Comme sainte Catherine peignait admirablement, au moins la miniature, l'académie de peinture, à Bologne, l'a prise pour patronne.
La bienheureuse Catherine a composé plusieurs traités spirituels pour l'instruction des âmes dévotes et religieuses. Elle écrivait en latin et en italien. Dans son livre des Sept Armes spirituelles, elle nous apprend à combattre les ennemis de notre âme. Dans celui de Ses Révolutions, elle montre qu'il faut toujours être sur la défiance et sur ses gardes dans le combat que nous avons avec le démon. Elle avoue qu'elle y a été trompée, et que, se fiant trop sur les grandes grâces qu'elle avait reçues de Dieu, elle s'était imaginée être au-dessus des artifices du démon, qui l'avait cependant abusée, lui apparaissant sous la figure de Jésus attaché en croix, et sous celle de la Sainte Vierge. De là, elle tire pour conséquence qu'il n'y a que Dieu qui puisse nous faire découvrir la malice du démon : car, pour elle, sa trop grande crédulité l'a mise dans des états où elle ne savait si elle était aimée de Dieu ou abandonnée de lui. Après sa mort, on trouva ce livre cacheté, parce qu'elle ne voulait pas qu'il parût de son vivant. Elle en avait fait un autre sur les tentations que le démon avait suscitées en elle, et les secours qu'elle avait reçus de Dieu pour les surmonter. Mais, s'étant aperçue qu'on avait eu connaissance de cet ouvrage, elle le jeta au feu pour éviter la vaine gloire. Enfin, on trouve une hymne d'elle, sur l'origine de la créature intellectuelle, et sur les cinq mystères joyeux du Rosaire.
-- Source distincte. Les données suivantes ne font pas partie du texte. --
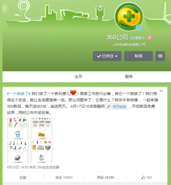 6月15日,@360公司 官方微博發(fā)布了一則曖昧的新品預(yù)告,稱做了一個(gè)居家工作旅行必備的新玩意兒,而且有它一個(gè)就夠了,相信能讓生活更簡(jiǎn)單一些。引起數(shù)萬小伙伴圍觀轉(zhuǎn)發(fā),調(diào)皮的網(wǎng)友還提供了360充電器廣告語“你的充電速度擊敗了全國99.9%的用戶?!?/p>
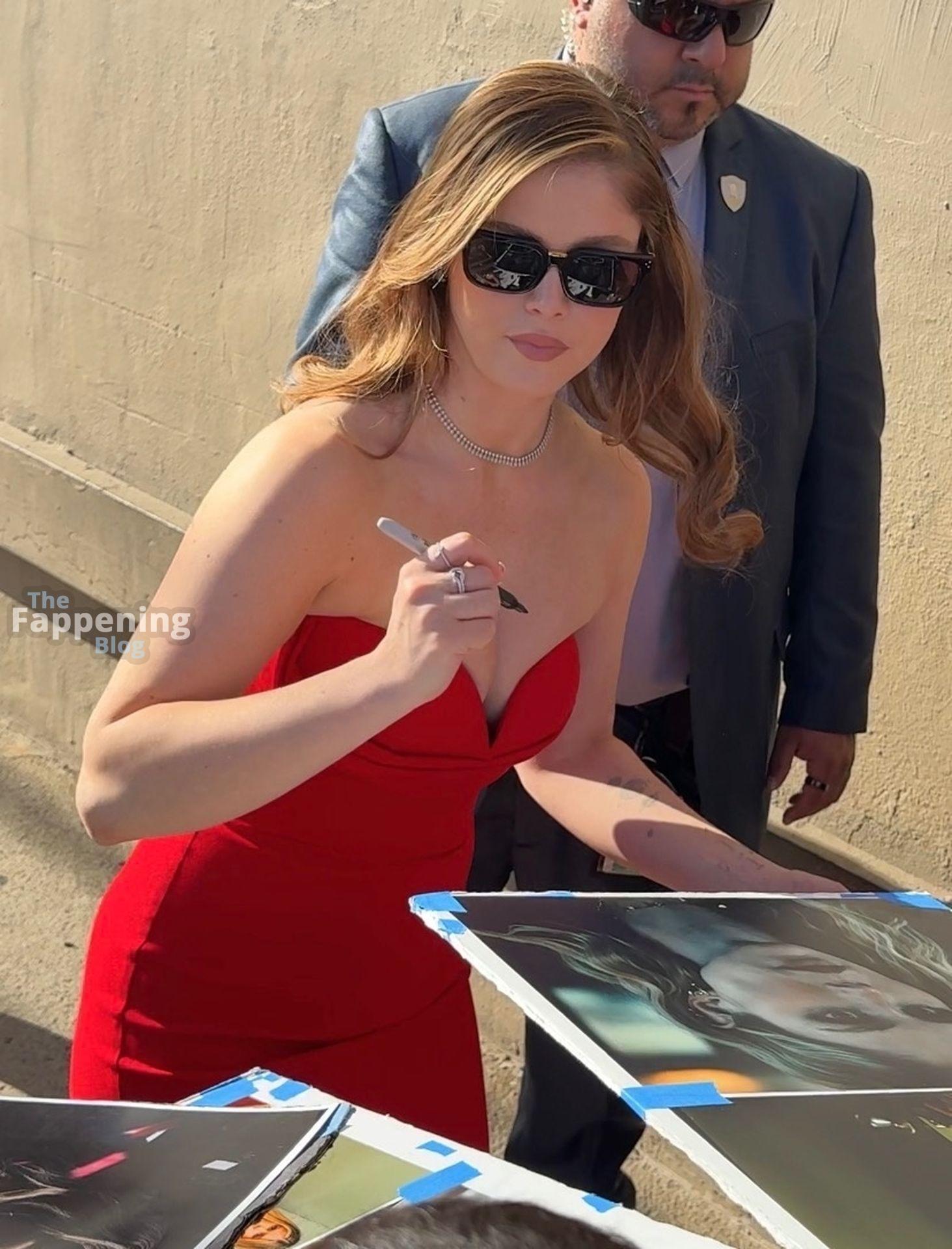 Erin Moriarty made a bold arrival at Jimmy Kimmel Live! in Hollywood, stunning in a curve-hugging red strapless dress and black heels. “The Boys” star waved to fans with a smile, bringing classic glam energy to her late-night appearance.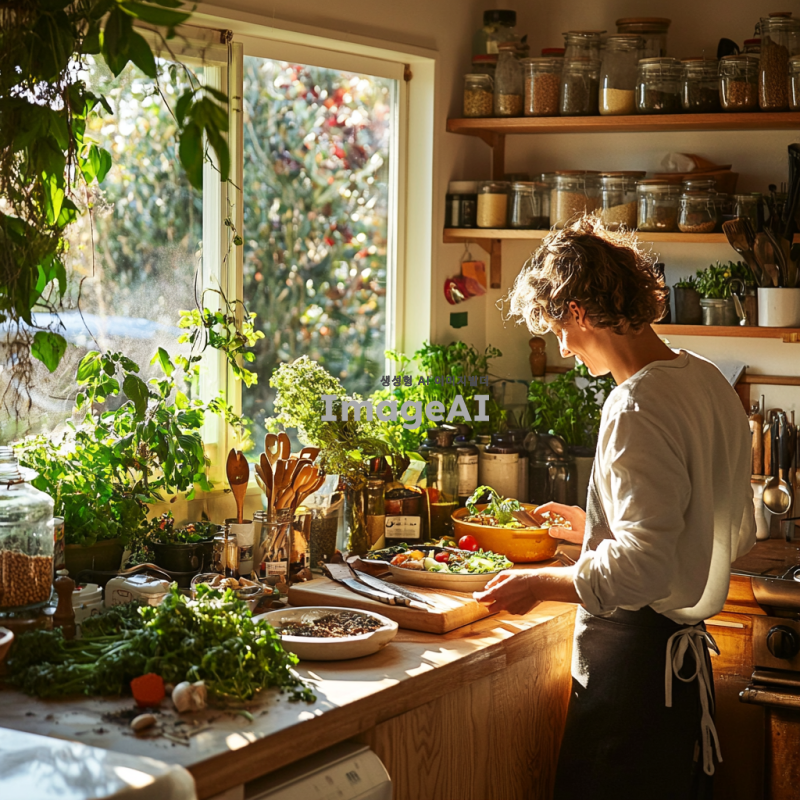 따뜻한 주방에서 요리하는 중인 사람, 신선한 재료들이 가득한 조리대, 밝고 환한 조명 아래에서 다양한 향신료와 허브를 사용하여 요리를 준비하는 모습, 주방 도구들이 깔끔하게 정리된 공간, 활기찬 분위기의 현대적인 주방 인테리어, 요리에 집중하는 모습, 행복한 표정, 창문을 통해 들어오는 자연광, 요리의 향기가 가득한 공간.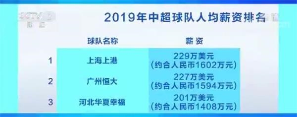 2019年,中超人均年薪最高的球队为上海上港229万美元,约合人民币1602万元。广州恒大与河北华夏幸福分别以227万美元和201万美元位列第二、三位,约合人民币1594万元与1408万元。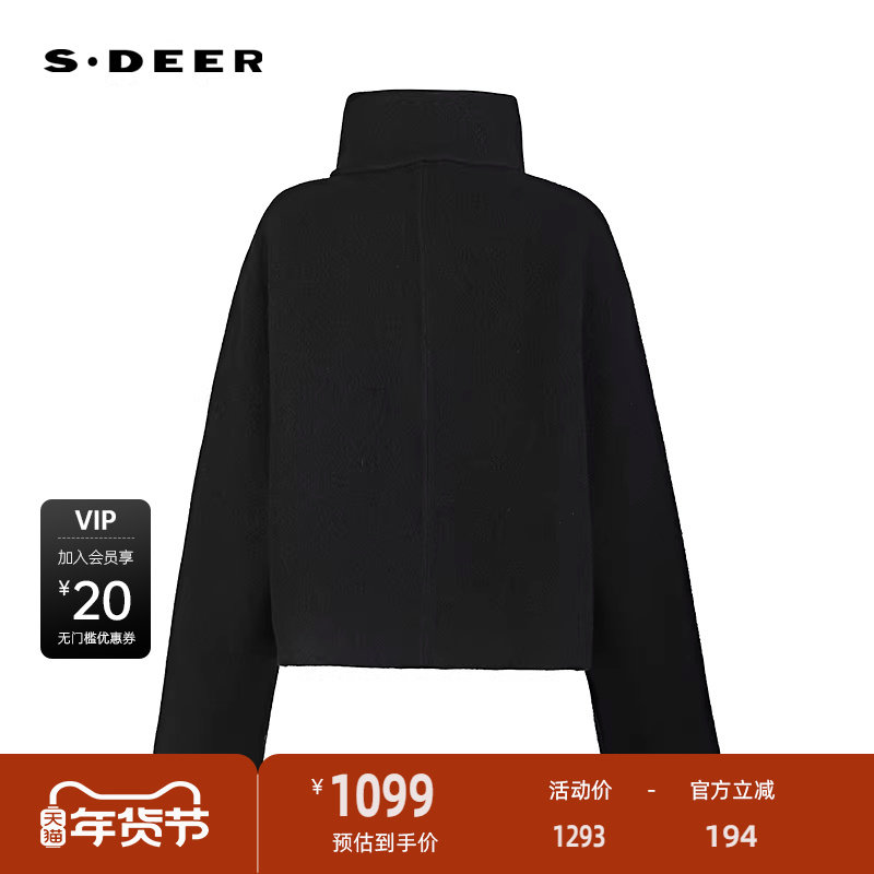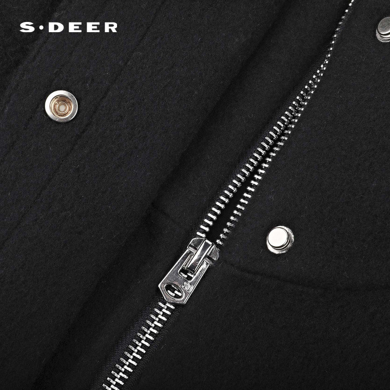 sdeer圣迪奥女装25年新品休闲立领撞色印花绵羊毛大衣S25482621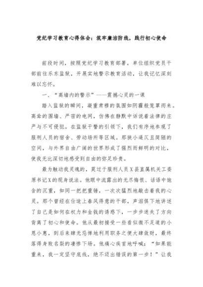 / 【七哥公文】2024年:党纪学习教育心得体会:筑牢廉洁防线,践行初心使命+更多免费公文+VX:QiGeGongWen2024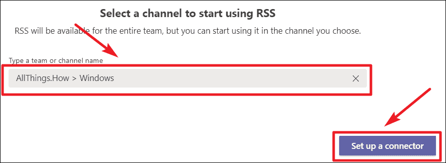 Step 4: In the next screen, you'll need to choose the team or channel where you want to add the RSS feed. In the Type a team or channel name field, begin typing the name of your desired channel. Select the appropriate channel from the suggestions that appear. Once you've selected the channel, click on the Set up a connector button at the bottom right corner.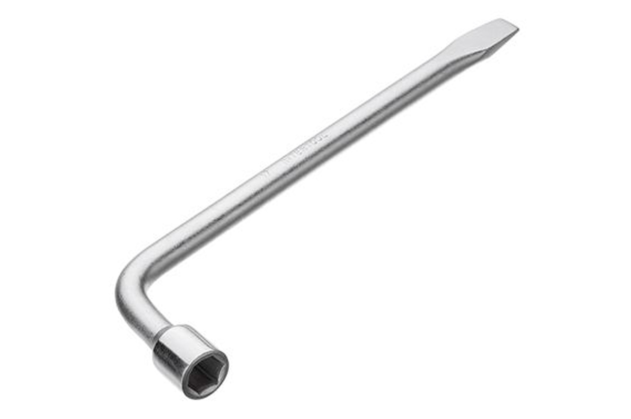 Ключ балонный L-образный. На одном конце шестигранная головка, а другой конец выполнен в виде монтировки. Размер ключа: 17 мм; Длина ключа: 350 мм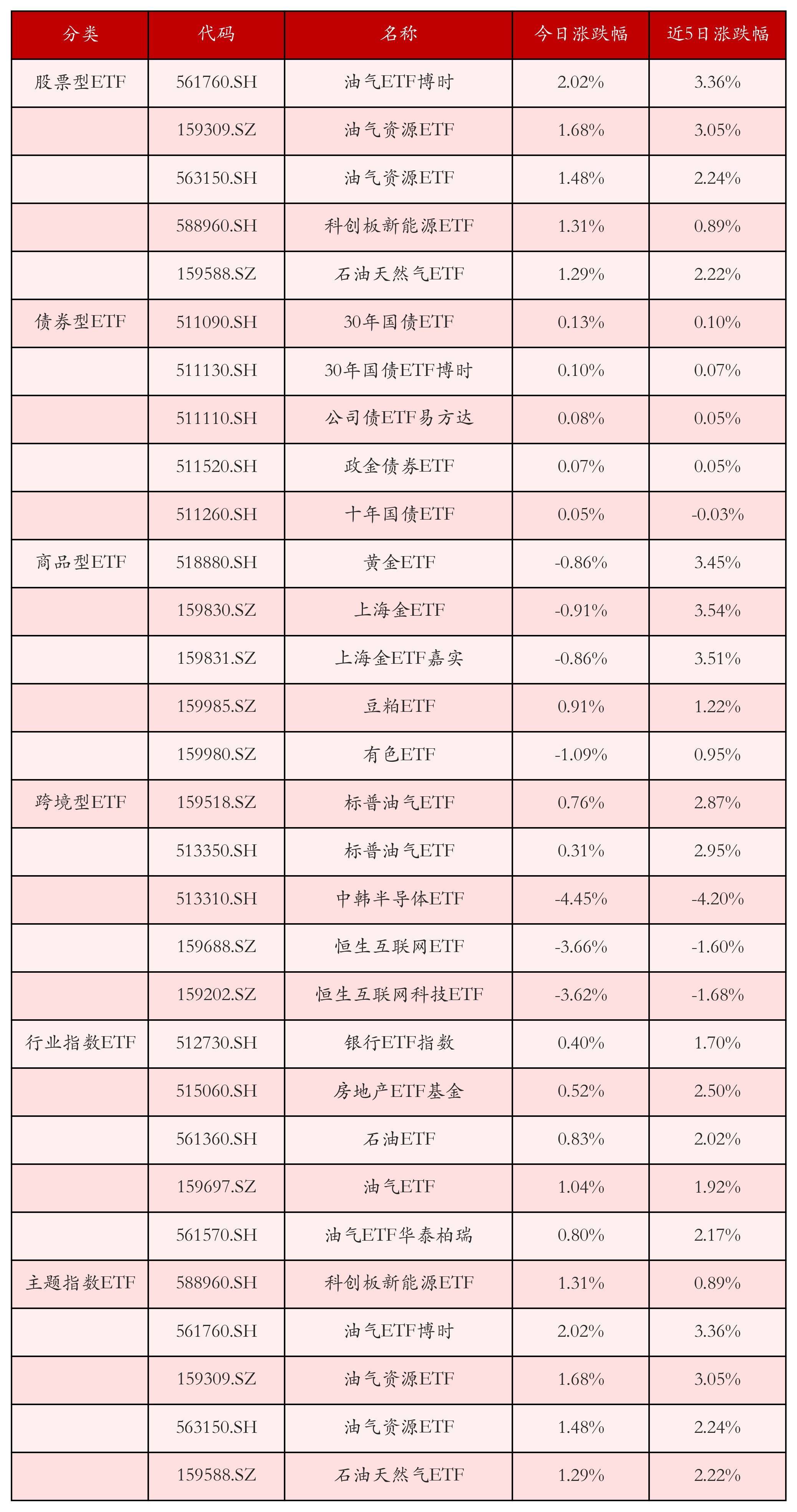 从不同投资种类、行业、主题的ETF产品中找出今日走势行情排名前5的ETF基金,今日涨幅靠前的ETF产品如下表所示。股票型ETF中涨跌幅排名前3位的ETF产品分别为油气ETF博时(561760.SH)、油气资源ETF(159309.SZ)和油气资源ETF(563150.SH),今日收益率分别为2.02%、1.68%和1.48%。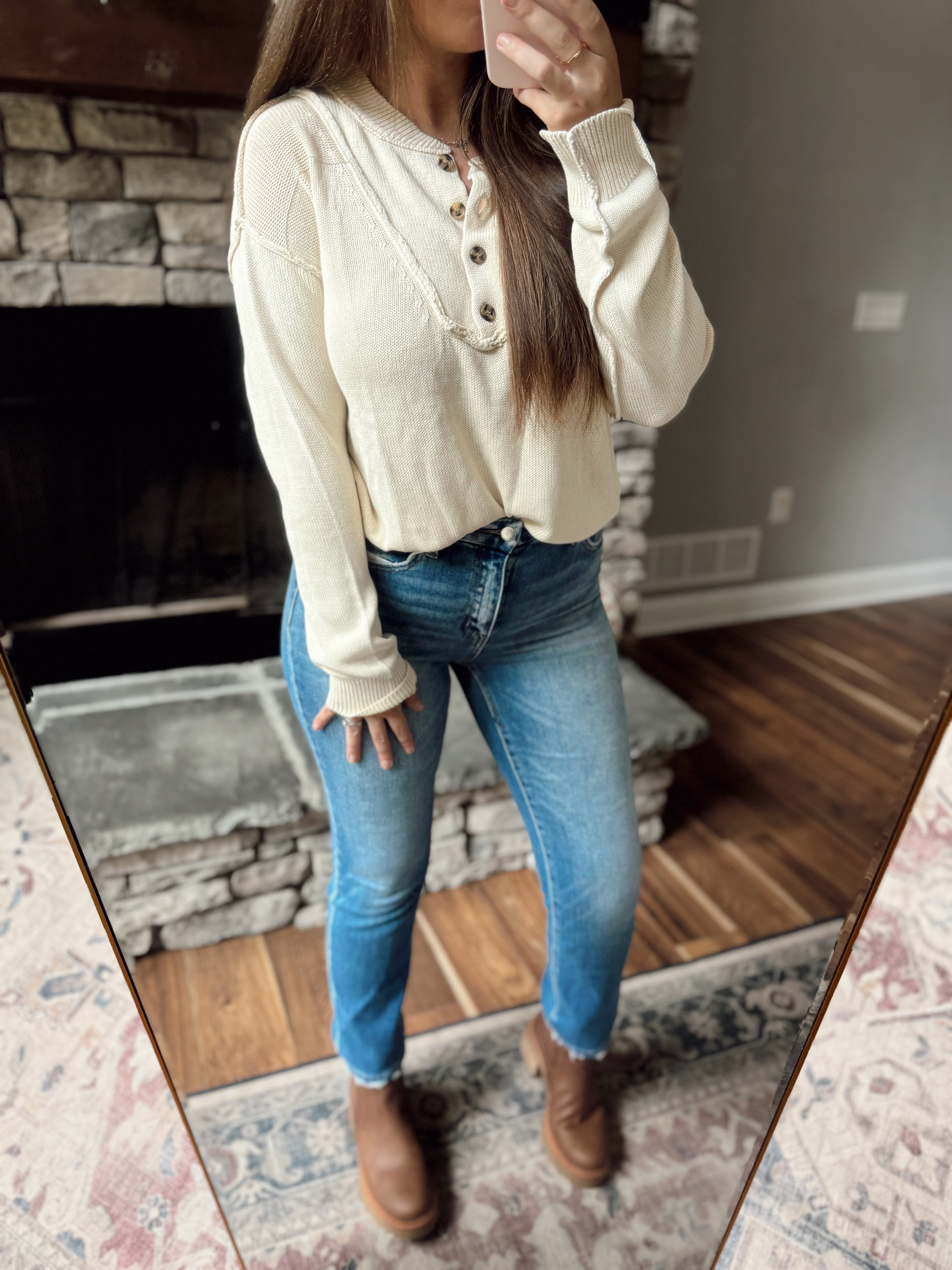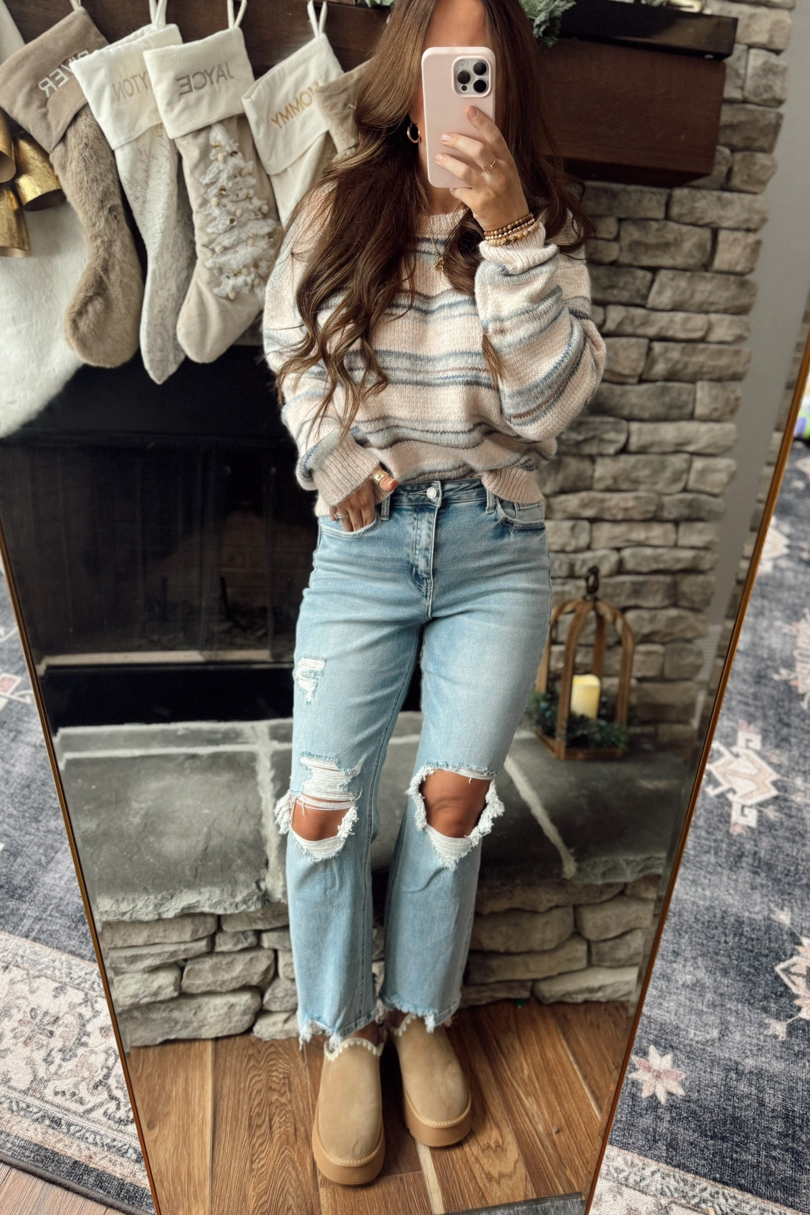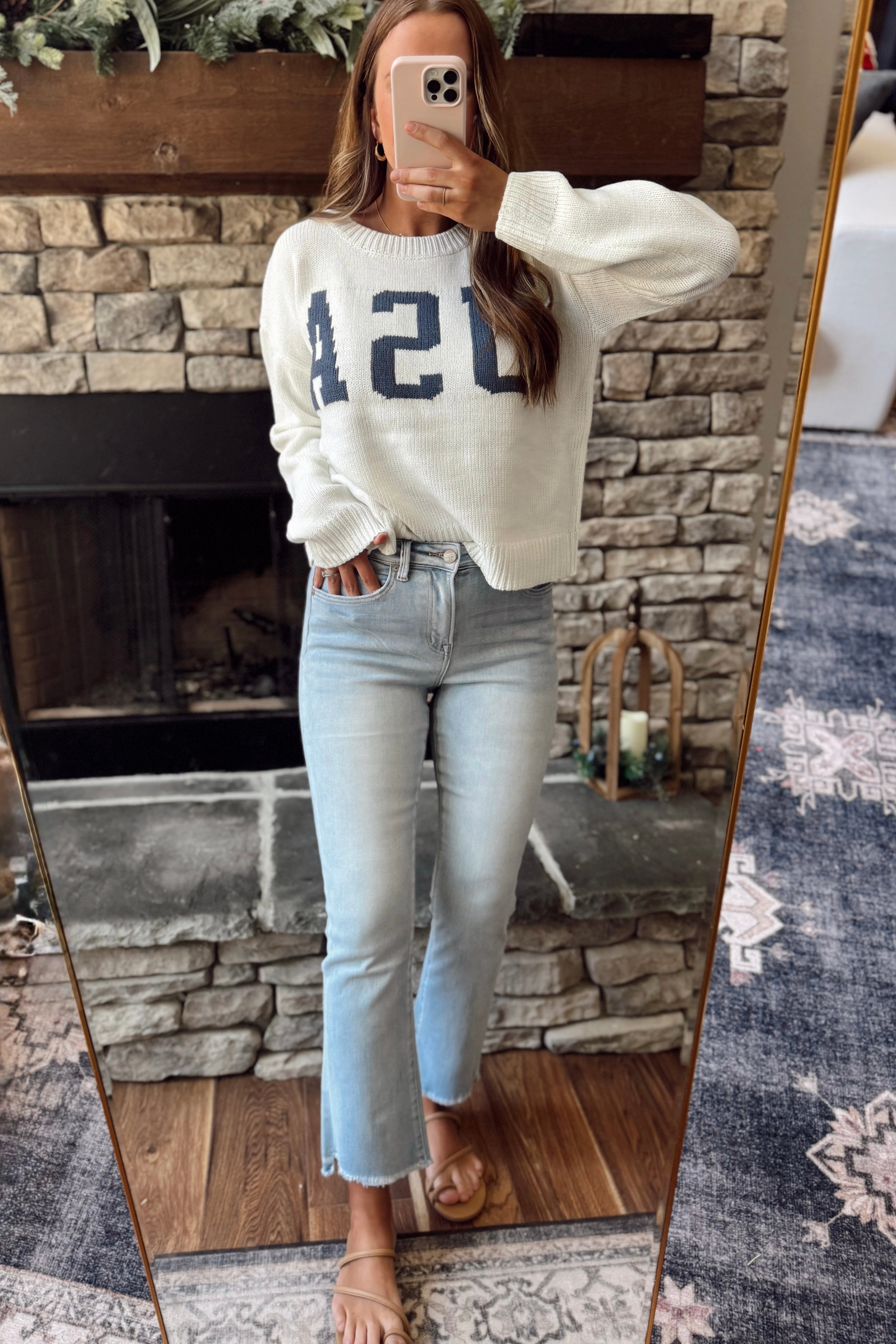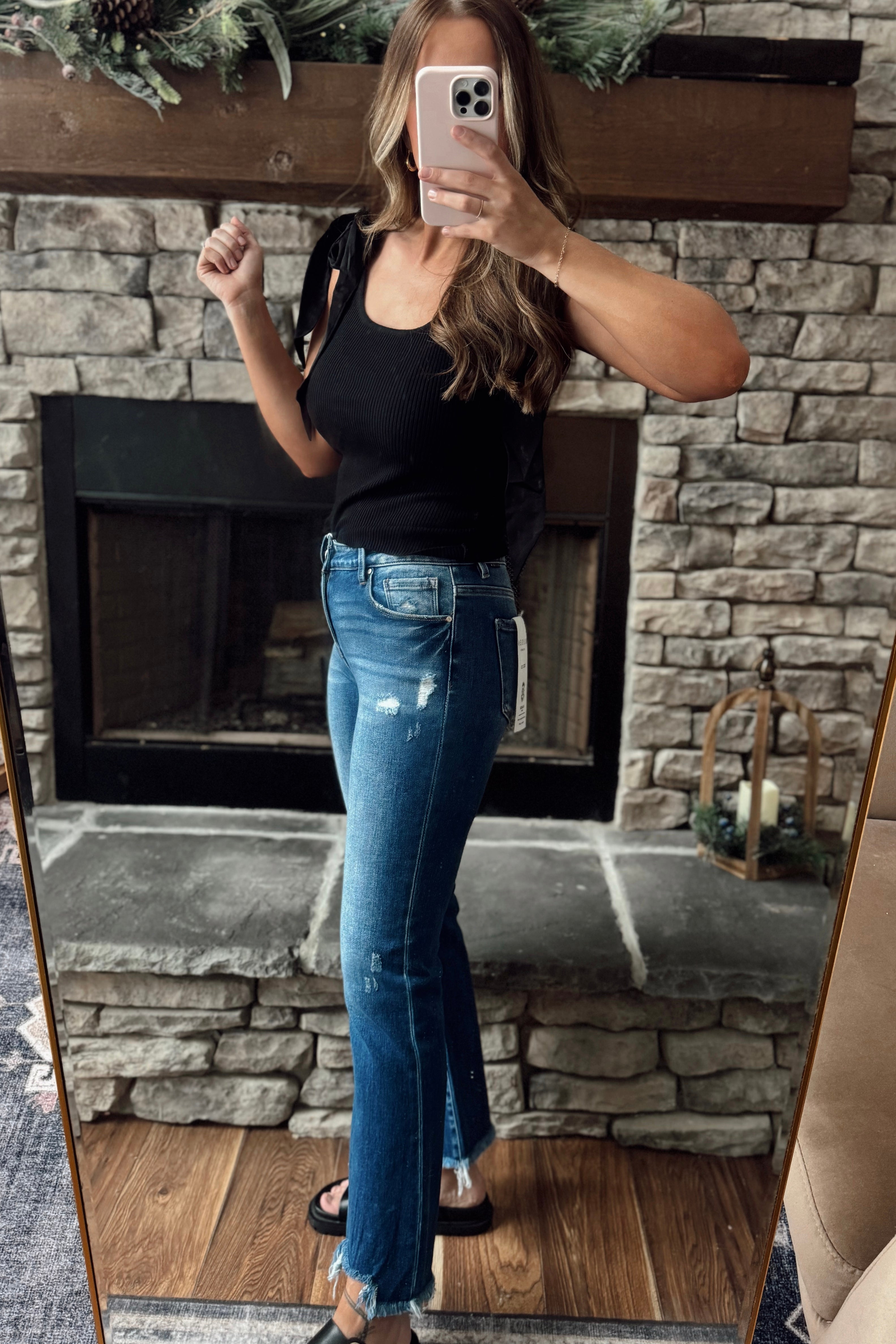Risen Medium HR Cropped Straight Frayed Hem Denim

Voici une courte analyse du Traité des armes spirituelles :
« Toute personne », dit-elle, « qui veut prendre sur elle la croix du Souvenir mort le premier au champ de bataille pour nous donner la vie, doit saisir d'abord les armes nécessaires à ce genre de combat. La première est la diligence ou l'application à bien faire : donc pas de tiédeur ; elle est manette ; pas de négligence, et un grand soin à éviter le trop comme le trop peu : en un mot, avoir de la discrétion. La seconde arme est la défiance de soi-même et la confiance en Dieu ; car sans Dieu nous ne pouvons rien. La troisième est le souvenir de la Passion et de l'instructif pèlerinage de Jésus-Christ sur la terre. La quatrième arme est le souvenir de la mort : donc faisons le bien pendant qu'il en est temps. La cinquième est le souvenir des biens du paradis : il est impossible, a dit saint Augustin, de jouir des biens présents et des biens futurs. Répétons avec saint François d'Assise : « Seigneur, les justes m'appellent en attendant que vous me donniez la récompense ». La sixième arme est l'autorité des saintes Écritures : c'est avec cette arme que Jésus-Christ a vaincu le démon au désert, c'est cette arme que la bienheureuse vierge Cécile portait toujours cachée dans sa poitrine.
Nous avons encore, de sainte Catherine de Bologne, deux échelles mystiques : la première, qui est l'échelle des vertus, a dix degrés ; la seconde, qui est l'échelle de l'humilité, en a douze. Les dix degrés de la première échelle sont 1° la clôture ou séparation du corps et de l'esprit de toutes les choses du monde ; 2° l'audition ou promptitude à entendre la parole de Dieu, suivant ce mot du prophète : « J'écouterai tout ce que le Seigneur mon Dieu daignera dire à mon cœur » ; 3° la retenue qui est la gardienne des vertus de la religieuse ; 4° le silence ; 5° la gracieuseté, c'est-à-dire la bonté, l'honnêteté, la courtoisie envers toutes sortes de personnes ; 6° la vigilance ; 7° la pureté de l'esprit qui consiste particulièrement à penser toujours bien des autres ; 8° l'obéissance : obéir est la manière la plus sûre de ne pas se tromper ; 9° l'humilité qui est si odieuse au démon et si conforme aux exemples de Jésus-Christ ; 10° l'amour de Dieu et du prochain, lequel est la fin de la vie de tout chrétien et la perfection de la vie religieuse.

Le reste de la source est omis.